A bolsa e o voto


Se alguma coisa de positivo ficou, foi a nítida afirmação aos olhos dos portugueses de dois blocos políticos para alternarem no poder com visões distintas do país e uso distinto da ideologia ao serviço do pensamento político.


A campanha centrada nos debates televisivos valeu sobretudo pelo cumprimento do princípio do direito de expressão concedido às forças representadas no parlamento e à constatação da existência de um comentariado que, com honrosas excepções e as mais das vezes, se mostrou incapaz de uma exigida independência sobretudo quando o poder estava próximo.

Temos assim que, se alguma coisa de positivo ficou, foi a nítida afirmação aos olhos dos portugueses, de dois blocos políticos para alternarem no poder com visões distintas do país e uso distinto da ideologia ao serviço do pensamento político.

Na parte que importa para a governabilidade do país, de um lado esteve a prevalência de uma economia de mercado como sustentáculo e meio de promoção da riqueza, de par com preocupações de um Estado de solidariedade activa, agregado à volta do PSD e da direita em geral.

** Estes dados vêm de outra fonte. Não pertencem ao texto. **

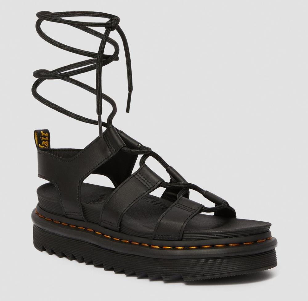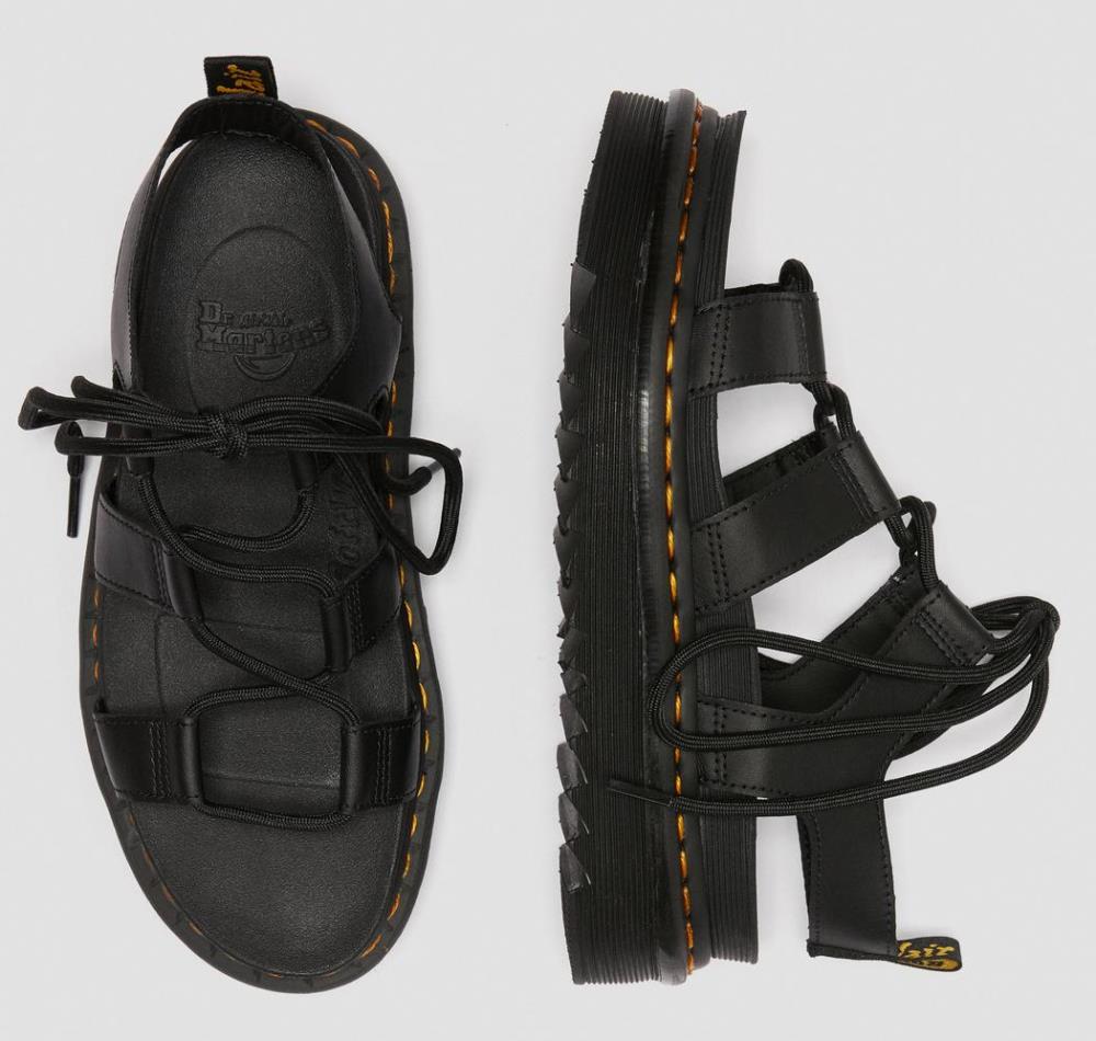 DR MARTENS NARTILLA LACE UP HYDRO LEATHER SANDALS BLACK

A intervenção do Estado, como patrão e produtor, empregador, regulador, estatizante sempre que possível, como marca do PS e da esquerda, embora com matizes diferenciadoras tal como a substância das suas origens doutrinárias.

Segundo o candidato António Costa, ao primeiro modelo está inerente, p.e. e como “marca de água”, a busca de uma intervenção venal do PSD e da direita, designadamente ao prosseguir objectivos de afectar a privados o domínio da saúde pública, a segurança social, a escola pública, um destes dias a habitação pública.

Domínios que, como se sabe, a esquerda pretende erigir em coutada exclusiva.

Por causa desta visão, a páginas tantas do debate sobre um novo modelo de segurança social que assegure as pensões do futuro, A. Costa disparou: “Vocês querem é entregar aos privados os milhões da segurança social, privatizar a segurança social, torná-la um negócio de financeiros e banqueiros”.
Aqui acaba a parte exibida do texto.